Deputy Prime Minister and Finance Minister Chrystia Freeland on Tuesday tabled her fall fiscal update amid a backdrop of escalating global fears about the spread of the Omicron variant, the latest mutated strain of the virus that causes COVID-19.
In the update, Freeland said recent economic estimates had suggested inflation might fall back to the country’s two per cent target late next year. The rise of Omicron in the weeks since means those forecasts may change.

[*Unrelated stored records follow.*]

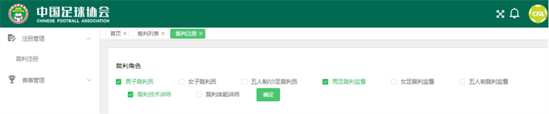 (二)如在中國足協及各會員協會擔任多重裁判角色者請在勾選裁判員角色時全部勾選本人所擔任各類裁判角色并完善相關信息,否則將無法參加未勾選的裁判角色工作。
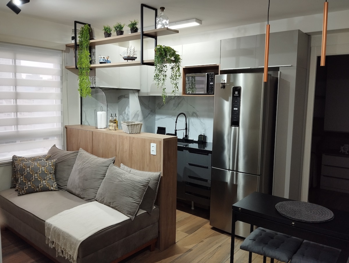 Experience One Eleven in Vila Olimpia. This modern apartment features large windows with breathtaking city views and natural light. The unit boasts 600 Mbps internet and a 4K HD TV. For total comfort, it has a Hot/Cold AC system: 27,000 BTU/h unit in the living room and 10,000 BTU/h in the bedroom. The bedroom is quiet and dark for a restful sleep. Impeccably maintained, you’ll be walking distance to top restaurants and business hubs—a safe, upscale retreat with a stunning urban backdrop.
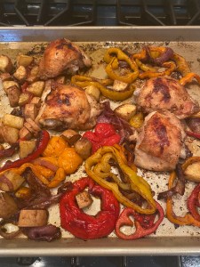 Add another  Tablespoon of Olive Oil to the marinated chicken. If it seems super dry add a drop more and toss to coat. Place chicken pieces (see photo) skin side up among the vegetables, making sure the chicken is surrounded by the veggies not on top of them. Chicken should rest on the baking sheet directly.

“The path forward will depend on a number of tailwinds and headwinds, which could either bolster the recovery or push it off course. Of concern, the global health situation has deteriorated in recent weeks, with resurgences of COVID-19 in some regions and the emergence of a new variant, Omicron,” according to the update.
“Risks associated with COVID-19 continue to cloud the outlook.”

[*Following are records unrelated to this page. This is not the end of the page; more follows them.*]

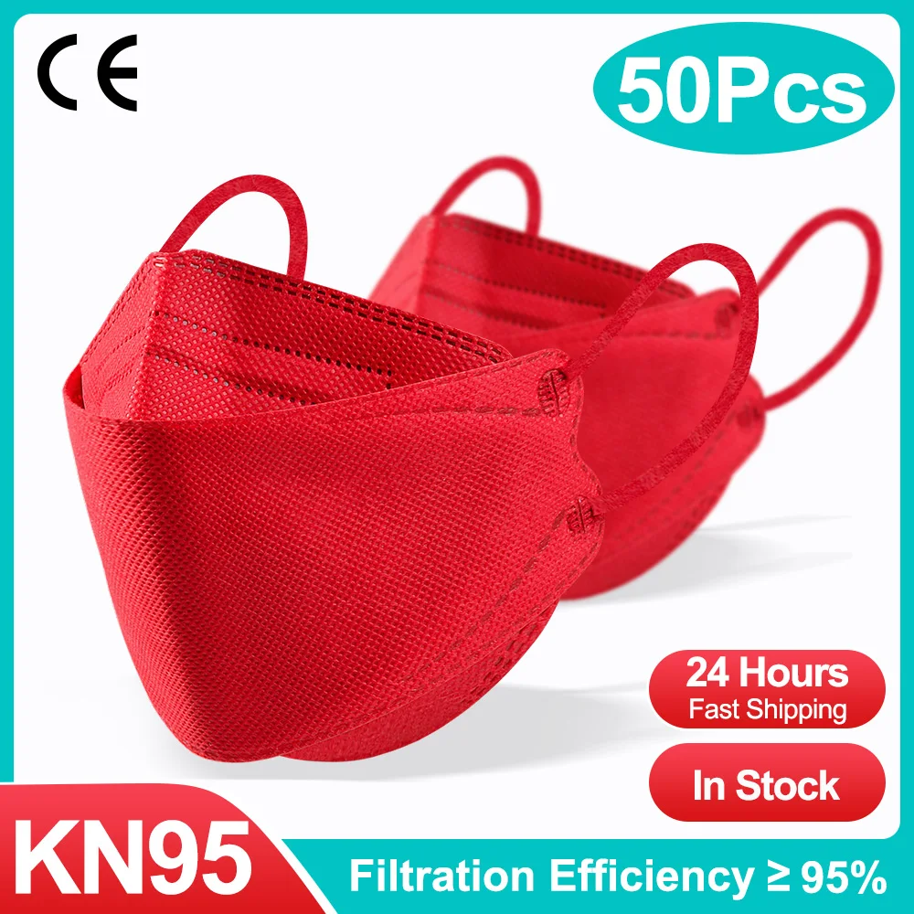 50100 шт KN95 рыбы маска для взрослых FFP2 фильтр респиратора с 4 с...
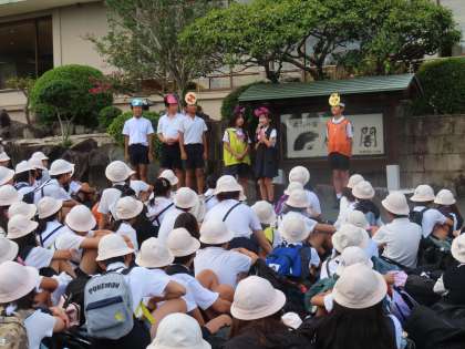 退所式セレモニー係のみなさんが前へ出て、進行を担います。
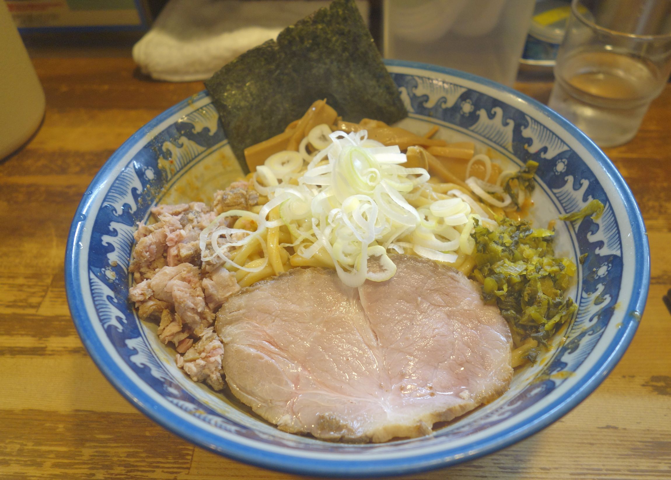 大きなチャーシューはしっとりとした食感でシンプルにうまい! 刻んだチャーシューも同じものを使用しているのか、お肉の旨味をシンプルに感じられてウマウマです。
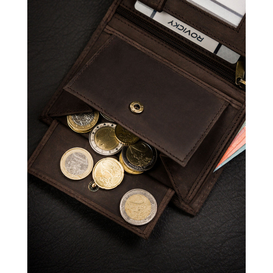 W kieszeniach na banknoty i monety zmieścisz satysfakcjonującą ilość gotówki.
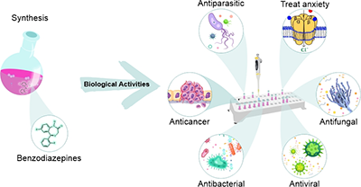 Benzodiazepine derivatives are heterocyclic nitrogen compounds that have diverse industrial, synthetic and medicinal applications. Numerous biological activities are related to this class: sedative, hypnotic, anxiolytic and anticonvulsant activities. In addition to bioactivity, the synthesis of this nucleus has attracted attention in many studies
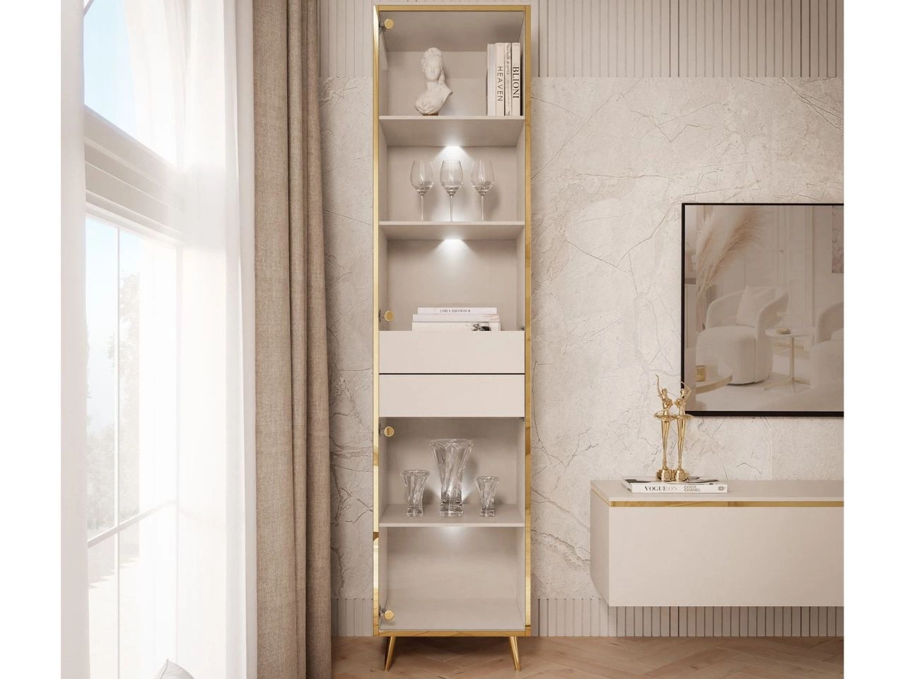 Die Vitrine Evare ist ein schönes Möbelstück mit minimalistischem Design. Sofort ins Auge fällt die goldene Zierleiste, die die Front vollständig einfasst. Dieses Detail – ebenso wie die goldenen Scharniere – verweist direkt auf den Glamour-Stil. Es gibt zwei Paare transparenter Türen aus gehärtetem Glas. Die Türen sind universell und können sowohl links als auch rechts montiert werden. Das Öffnen erfolgt per grifflosem Push-To-Open-System. Zum Öffnen drücken. Auf die gleiche Weise erhält man Zugang zu zwei Schubladen.
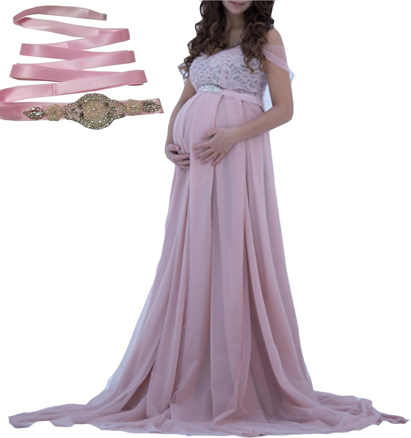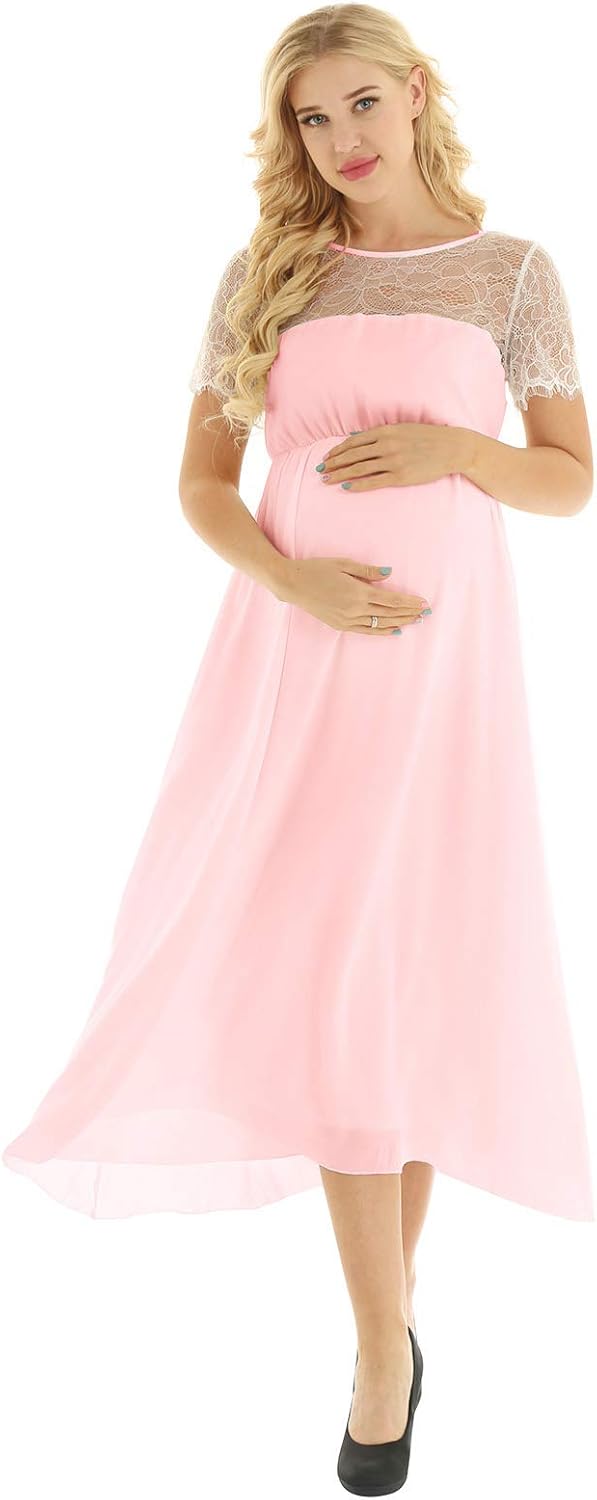 Damen Arbres Umstandskleid Festlich Maxi Spitzenkleid Chiffon Schwangere Fotoshooting Kleider Bekleidung Luxdental Si

Setbacks to Canada’s economic recovery, the update warned, cannot be ruled out.
In fact, rising cases among countries with high levels of vaccination could lead to more public health restrictions, which could worsen supply chain struggles and inflation risks.
“While it is too soon to determine the economic impacts of the recent resurgence of COVID-19 and the Omicron variant, these developments nonetheless pose a downside risk to Canada’s economic recovery,” the update said.
“The global health situation remains fragile.”
Conservative Leader Erin O’Toole took aim at the forecasting in a speech in the House of Commons, suggesting Canadians are being “priced out of their own lives” because of rising inflation.
“Today the Liberal government shared a snapshot of Canada’s economic position. The minister is actually hoping she can fool Canadians into thinking everything is fine,” O’Toole said.
“What they neglected to point out was how their mismanagement has led this country and Canadian families to the edge of an economic cliff.”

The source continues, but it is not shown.